Lilly ran a hand over his face and his fingers brushed against day-old stubble around his chin. He stroked it thoughtfully.

‘Hey, you think I should grow a beard?’ It would look pretty cool. Good for thoughtful stroking, too. And a conveniently easy, distracting topic until Poison showed up.

‘Dunno,’ Orion answered. ‘You can always try it out and shave if you don’t like it. But beware: if it looks dumb, Poison will make fun of you for eternity.’

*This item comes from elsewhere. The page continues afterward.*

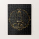 Buddha Mandala Design med en illustration av en buddha i form av en mandala i guldsparkade linjer.

‘Yeah. Me. And just me,’ a rather unnerved voice commented from the hallway. ‘No other people in the room that would ever think of making fun of anything at all.’

Poison had emerged from her new room in sweatpants and a too-large shirt. She rubbed her eye below a pair of glasses. They were back-up for her contacts, since glasses were inconvenient for a lot of their kind of jobs. Poison only wore her glasses on the way to get her contacts, or towards a stack of pancakes waiting for her.

‘Wow, you’re grumpy today,’ Orion teased.

Poison growled. ‘Shut it. It’s early. Which direction is the food?’

Orion laughed and guided her to the couch where she promptly snuggled into the cushions, eyes closed, nibbling on a pancake. Orion sat next to her and busied himself with his own breakfast.

Lilly was acutely aware that though Orion and Poison’s way of acting around each other had changed, it was for the better. There seemed to be a new, deeper understanding between them. And it probably stemmed from Lilly distancing himself. It hurt a bit to realise that.

‘They’re almost as good as mine,’ Poison commented. ‘You’re learning.’

‘Hey! They’re at least as good. Look how fluffy I got them!’

‘Yeah, but I’ll need a whole bunch of them to get full. They simply lack substance.’

‘They do not!’

‘Do, too.’

‘Do not!’

Watching them was like watching a different world, as if Lilly were invisible, separate. He yearned to step into that world, to be part of it again, and at the same time he wanted to stay apart, afraid of the consequences. His heart twisted in his chest, pulling him forward, held back by reason- no. Not reason. Fear. Of what? Of Orion, of what he might do?

Orion had become less predictable, his actions and reactions uncertain.

Well, nobody was asking Lilly to trust blindly. This was no different from when they had first met. It had been even riskier then, because they hadn’t known each other at all.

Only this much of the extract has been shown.